Quando tentei falar, descobri que perdera a voz e só conseguia emitir um guincho dos mais débeis, mas na segunda tentativa tive êxito em perguntar onde estava ferido. Na garganta, disseram. Harry Webb, nosso padioleiro, trouxera uma atadura e uma garrafinha de álcool das que nos davam para providenciar primeiros socorros. Enquanto me suspendiam, saiu bastante sangue por minha boca, e atrás de mim um espanhol disse que a bala atravessara meu pescoço de um lado a outro. Senti o álcool, que em ocasião comum teria ardido como o diabo, mas que agora embebia o ferimento com agradável frieza.
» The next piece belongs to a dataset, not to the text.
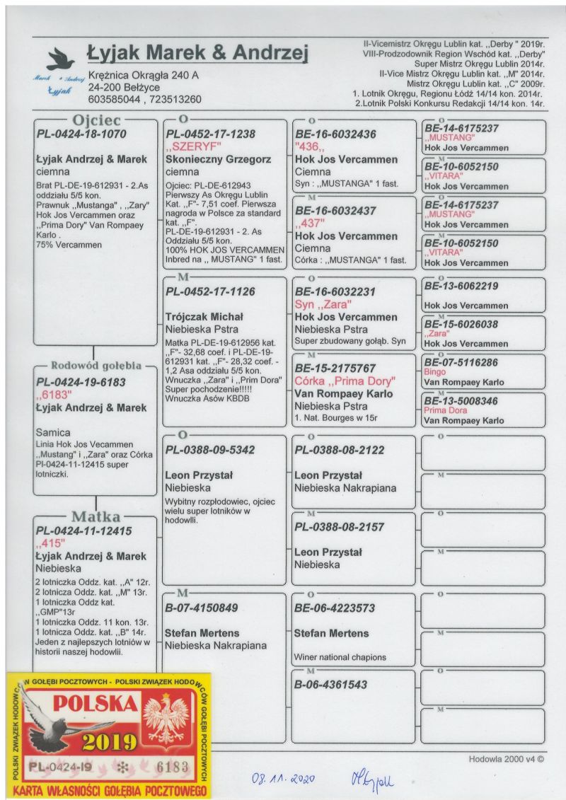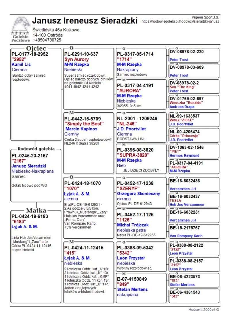 Szczegóły pochodzenia w rodowodzie. Możliwość wysyłki gołębi. Więcej informacji pod nr tel. 504780725

Puseram-me novamente no chão, enquanto alguém apanhava uma padiola. Assim que soube que a bala atravessara o pescoço de fora a fora, achei naturalíssimo que ia morrer. Jamais ouvi falar em homem ou animal que recebesse uma bala pelo meio do pescoço e conseguisse sobreviver. O sangue escorria pelo canto da boca, e cá comigo pensei: "Lá se foi a artéria!" Fiquei a imaginar quanto tempo alguém dura quando a carótida é cortada; não deviam ser muitos minutos. Tudo estava muito confuso. Devem ter transcorrido uns dois minutos nos quais pensei estar morto. E também isso foi muito interessante, quer dizer, é interessante saber quais seriam os pensamentos numa hora daquelas. Meu primeiro pensamento, coisa bastante convencional, foi para minha mulher. O segundo foi o rancor violento por ter de deixar este mundo que, diga-se lá o que disserem, para mim é muito agradável. Tive tempo de sentir isso com muita vividez. O caráter fortuito e estúpido da coisa enchia-me de fúria. A falta de sentido naquilo tudo! Ser liquidado, nem mesmo em batalha, mas naquele canto sujo de trincheira, por causa do descuido de um instante! Pensava, também, no homem que me acertara - se era espanhol ou estrangeiro, sua aparência, se sabia que me acertara, e assim por diante. Não conseguia sentir qualquer raiva dele. Achava que, sendo ele um fascista, eu teria dado cabo de seu canastro, se pudesse, mas que se ele fosse aprisionado e trazido ali, naquele instante, eu simplesmente lhe teria dado parabéns pelo belo tiro. Pode ser, porém, que quem realmente esteja morrendo tenha pensamentos muito diferentes.
Mal me puseram na padiola e meu braço paralisado voltou à vida e começou a doer miseravelmente. Naquela ocasião imaginei que o quebrara quando caíra ao chão, mas a dor trouxe reconforto, pois eu sabia que as sensações não se fazem mais agudas quando alguém está morrendo.